Over on Scot McKnight’s blog, “Jesus Creed”, Michael Kruse has a guest post on what he claims is a “selective appeal” to emergence theory (a theory about the operation of complex systems). I think he misunderstands emergence theory, or applies it in only a limited way. The post is worth reading, and that’s necessary to understanding my comments. But in a nutshell, he asks why emergent or emerging Christians aren’t economic libertarians. They argue that spontaneous order will still emerge even when the shackles of authority are thrown off. Sounds kinda like theological libertarianism. But it’s not.

I don’t know that much about emerging theology. Names like Brian McLaren, Troy Bronsink, and Will Samson float around in my head, pretty untethered to a rigorous classification, all lumped into the categories of surprising, interesting and delightful people from whom I can learn a great deal. But I do know that they are more interested in communities than in the “free market”, and that all communities are constituted by constraint. Kruse does a good job of explaining this. They are interested in what kinds of order, what kinds of organization, bubble up from the bottom when they aren’t imposed from above.

But I think Kruse oversimplifies things when he looks to economists like Hayek or his modern libertarian followers for examples of “emergence” theory. (In fact, I believe Hayek’s views were much richer than most modern libertarians.)

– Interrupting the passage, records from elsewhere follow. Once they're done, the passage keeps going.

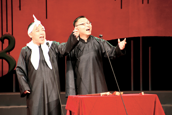 郭剛認為,區域間的曲藝合作是很有互補性的。他舉例說,比如武鄉鼓書和鄱陽大鼓,在唱腔、表演程式上,都各具特色。一般來講,南方常常有歌有舞,注重于唱;北方像潞安大鼓,就類似于過去的鼓書,強調講故事。隨著交流增多,南方的曲種也漸漸重視故事性了,而北方有的曲種則陣容擴大了,伴奏也配唱了。“但是,說到各地曲藝相互間的互補性,最突出的還是創作。曲藝創作一直是曲藝發展中的短板,許多作者需要更多的切磋交流,如何表現人物啊,如何描繪細節啊,等等,形式可能不同,但題材相似,文本的溝通就有更多的碰撞,借鑒、學習的機會多了,受益也會更大。”
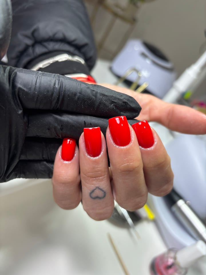 Manicura completa en las manos con base de gel y esmalte de gel.
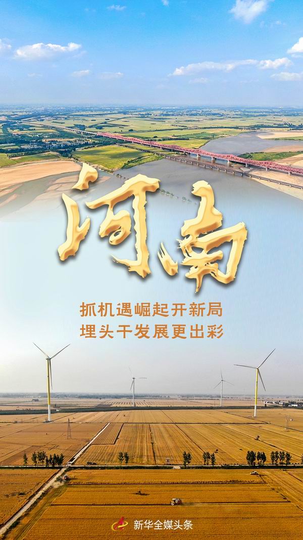 海報(bào)設(shè)計(jì):殷哲倫 新華社鄭州7月25日電 題:河南:抓機(jī)遇崛起開(kāi)新局 埋頭干發(fā)展更出彩 新華社記者林嵬、劉懷丕 黨的十八大以來(lái),習(xí)近平總書(shū)記四次到河南考察、在2019年全國(guó)兩會(huì)期間參加河南代表團(tuán)審議,寄予河南“在中部地區(qū)崛起中奮勇?tīng)?zhēng)先,譜寫新時(shí)代中原更加出彩的絢麗篇章”的殷切期望。沿著習(xí)近平總書(shū)記指引的方向,河南抓住促進(jìn)中部地區(qū)崛起戰(zhàn)略機(jī)遇,扛穩(wěn)糧食安全重任,把制造業(yè)高質(zhì)量發(fā)展作為主攻方向,加快打造內(nèi)陸開(kāi)放高地,在新征程上不斷展現(xiàn)新作為新氣象。 穩(wěn)步提升糧食產(chǎn)能 國(guó)家統(tǒng)計(jì)局河南調(diào)查總隊(duì)近日公布一則喜訊:今年河南夏糧總產(chǎn)量762.61億斤,單產(chǎn)447.25公斤/畝,總產(chǎn)量和單產(chǎn)再創(chuàng)新高,播種面積和總產(chǎn)量均繼續(xù)保持全國(guó)第一。其中,小麥總產(chǎn)量762.54億斤,同比增長(zhǎng)0.3%。 “今年全省二等及以上小麥占比達(dá)95%以上,其中一等小麥達(dá)到76.3%,是近10年來(lái)占比較高的年份。”河南省糧食和物資儲(chǔ)備局副局長(zhǎng)徐富勇說(shuō)。
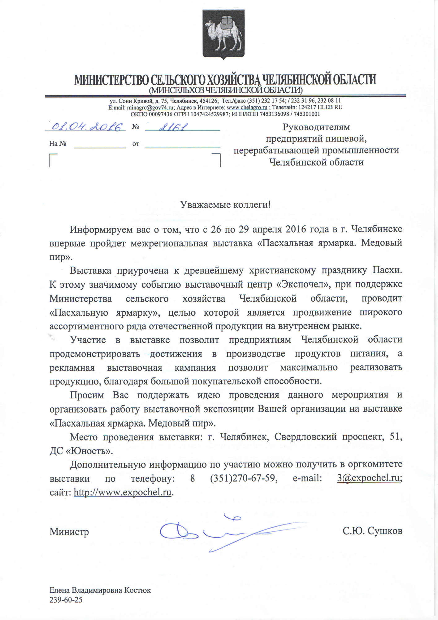 С 26 по 29 апреля во Дворце Спорта «Юность» (Свердловский пр. 51) состоится выставка «Пасхальная ярмарка. Медовый пир». Организаторами выступили: Министерство сельского хозяйства Челябинской области, Управление по торговле и услугам Администрации города Челябинска и ЮУКВЦ «ЭКСПОЧЕЛ».
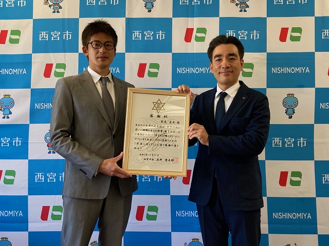 能見選手へは、西宮市の石井登志郎市長より感謝状が送られました。
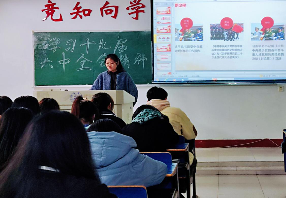 活动伊始,主讲人讲述了十九届六中全会的基本概况,强调了在生活、学习中贯彻十九届六中全会精神的重要性。接着,结合历史经验,分析了中国在政治、经济、文化等方面的发展历程。最后呼吁同学们要以史为鉴,坚持走中国特色社会主义道路,树立好共产主义远大理想,实现自身发展。

Libertarians have a very narrow view and special view of the concept of emergence as an economic phenomenon. The truth is, decentralized, individual actors give rise to many kinds of complex behavior, including institutions other than the “free market.” Most libertarian ideas amount to an attempt to flatten interactions, to reduce the richness of social institutions, to remove the emergent complexity of social interactions. They would design systems which artificially prevent the normal evolution of social norms, morals, rules, traditions, relationships of reciprocity, and other emergent forms of order. People are moral creatures, and that morality is not purely a private phenomenon. It finds expression in persuasion, social pressure, democratic government, courts, and even in corporations and bureaucracies.

The insights of Hayek and his followers are very important, and neglected at our peril. Highly decentralized, anonymous interactions do give rise to spontaneous order, as reflected in stable price signals, markets clearing, cost minimization, gains from trade, welfare enhancement (if not exactly maximization), etc. But no human would be happy with a libertarian or economic approach to managing the number of abortions, whether they are pro-life or pro-choice (I have done many classroom exercises exploring just such a topic. Everyone wants society to use institutions other than the market to answer questions about abortion. But libertarian economics, like authoritarian government, clears away mid-level institutions that constrain human freedom.)

Institutional economics is the place to look for emergence theory. Libertarian economics only has a very shallow (but nonetheless important) concept of emergence. Check out classic writers like Herb Simon, Robert Axelrod, Elinor Ostrom, or economists at the Santa Fe Institute like Brian Arthur, for richer views on emergence in economic and social systems.

As such, I think emergence as a concept fits the emerging crowd better than the libertarian crowd.